--- INPUT DATA Enclosed Below ---

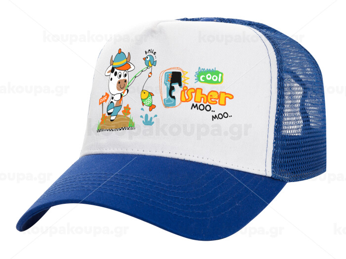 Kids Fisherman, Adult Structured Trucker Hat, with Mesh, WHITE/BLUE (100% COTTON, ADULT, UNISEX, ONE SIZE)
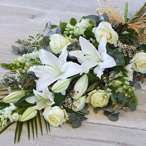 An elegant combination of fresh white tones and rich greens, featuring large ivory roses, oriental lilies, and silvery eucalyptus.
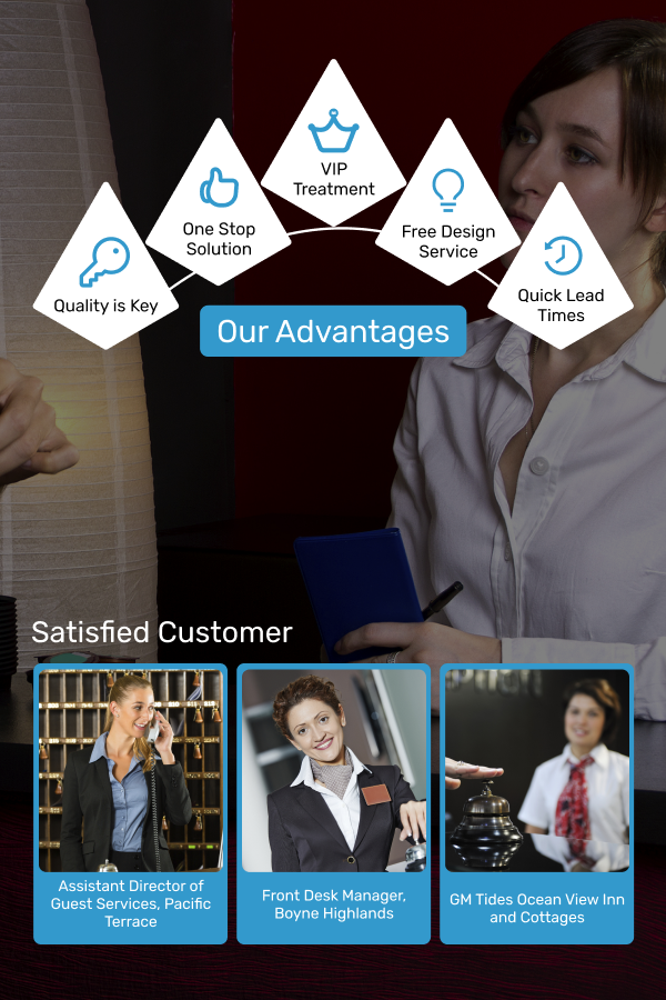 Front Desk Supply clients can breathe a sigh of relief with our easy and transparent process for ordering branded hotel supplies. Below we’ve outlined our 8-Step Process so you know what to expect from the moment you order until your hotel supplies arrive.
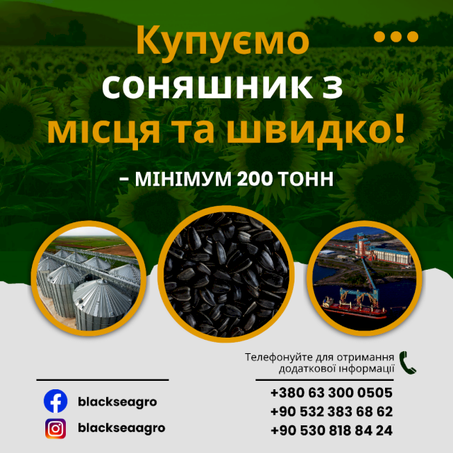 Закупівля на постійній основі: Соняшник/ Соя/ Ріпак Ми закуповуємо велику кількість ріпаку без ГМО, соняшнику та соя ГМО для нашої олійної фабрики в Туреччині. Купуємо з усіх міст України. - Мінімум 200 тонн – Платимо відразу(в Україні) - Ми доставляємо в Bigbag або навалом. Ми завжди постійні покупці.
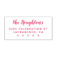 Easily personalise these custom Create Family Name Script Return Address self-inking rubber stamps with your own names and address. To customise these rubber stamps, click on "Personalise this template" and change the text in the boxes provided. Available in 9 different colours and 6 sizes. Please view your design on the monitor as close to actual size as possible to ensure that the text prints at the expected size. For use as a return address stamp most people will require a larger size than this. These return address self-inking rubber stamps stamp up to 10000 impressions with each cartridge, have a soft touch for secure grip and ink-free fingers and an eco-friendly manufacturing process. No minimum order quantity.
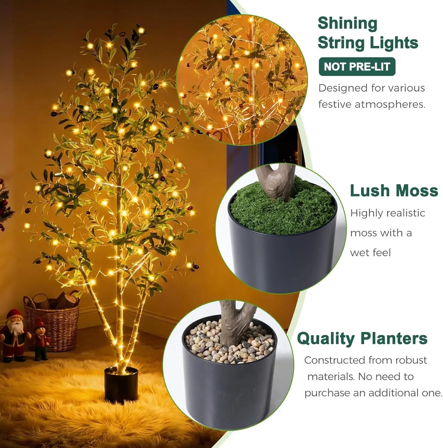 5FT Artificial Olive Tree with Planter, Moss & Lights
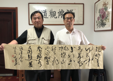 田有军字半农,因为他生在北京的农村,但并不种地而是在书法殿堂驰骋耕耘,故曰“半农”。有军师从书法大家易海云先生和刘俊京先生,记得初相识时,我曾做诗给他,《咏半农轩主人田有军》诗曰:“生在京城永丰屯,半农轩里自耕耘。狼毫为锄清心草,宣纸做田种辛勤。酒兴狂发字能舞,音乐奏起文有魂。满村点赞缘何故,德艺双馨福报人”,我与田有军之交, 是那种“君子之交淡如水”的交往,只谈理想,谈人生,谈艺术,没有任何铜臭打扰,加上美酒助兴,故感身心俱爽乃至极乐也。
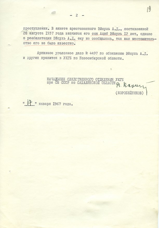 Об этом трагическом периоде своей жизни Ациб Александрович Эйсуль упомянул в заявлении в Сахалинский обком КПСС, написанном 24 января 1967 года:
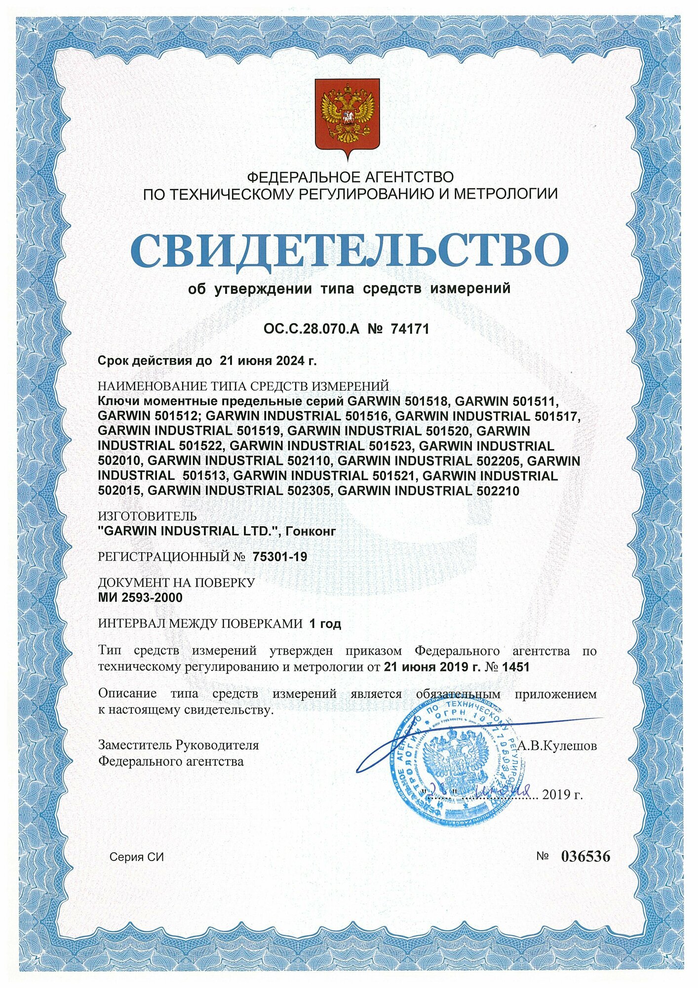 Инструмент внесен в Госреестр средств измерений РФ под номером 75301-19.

--- End of Enclosed INPUT DATA ---

> _WHAT THE TASK REQUIRES_: Omit the pictures. Write out exactly the lines from the one containing "Front Desk Supply" through the last line of the entries, both of them included.

> _RESPONSE_:
 Front Desk Supply clients can breathe a sigh of relief with our easy and transparent process for ordering branded hotel supplies. Below we’ve outlined our 8-Step Process so you know what to expect from the moment you order until your hotel supplies arrive.
 Закупівля на постійній основі: Соняшник/ Соя/ Ріпак Ми закуповуємо велику кількість ріпаку без ГМО, соняшнику та соя ГМО для нашої олійної фабрики в Туреччині. Купуємо з усіх міст України. - Мінімум 200 тонн – Платимо відразу(в Україні) - Ми доставляємо в Bigbag або навалом. Ми завжди постійні покупці.
 Easily personalise these custom Create Family Name Script Return Address self-inking rubber stamps with your own names and address. To customise these rubber stamps, click on "Personalise this template" and change the text in the boxes provided. Available in 9 different colours and 6 sizes. Please view your design on the monitor as close to actual size as possible to ensure that the text prints at the expected size. For use as a return address stamp most people will require a larger size than this. These return address self-inking rubber stamps stamp up to 10000 impressions with each cartridge, have a soft touch for secure grip and ink-free fingers and an eco-friendly manufacturing process. No minimum order quantity.
 5FT Artificial Olive Tree with Planter, Moss & Lights
 田有军字半农,因为他生在北京的农村,但并不种地而是在书法殿堂驰骋耕耘,故曰“半农”。有军师从书法大家易海云先生和刘俊京先生,记得初相识时,我曾做诗给他,《咏半农轩主人田有军》诗曰:“生在京城永丰屯,半农轩里自耕耘。狼毫为锄清心草,宣纸做田种辛勤。酒兴狂发字能舞,音乐奏起文有魂。满村点赞缘何故,德艺双馨福报人”,我与田有军之交, 是那种“君子之交淡如水”的交往,只谈理想,谈人生,谈艺术,没有任何铜臭打扰,加上美酒助兴,故感身心俱爽乃至极乐也。
 Об этом трагическом периоде своей жизни Ациб Александрович Эйсуль упомянул в заявлении в Сахалинский обком КПСС, написанном 24 января 1967 года:
 Инструмент внесен в Госреестр средств измерений РФ под номером 75301-19.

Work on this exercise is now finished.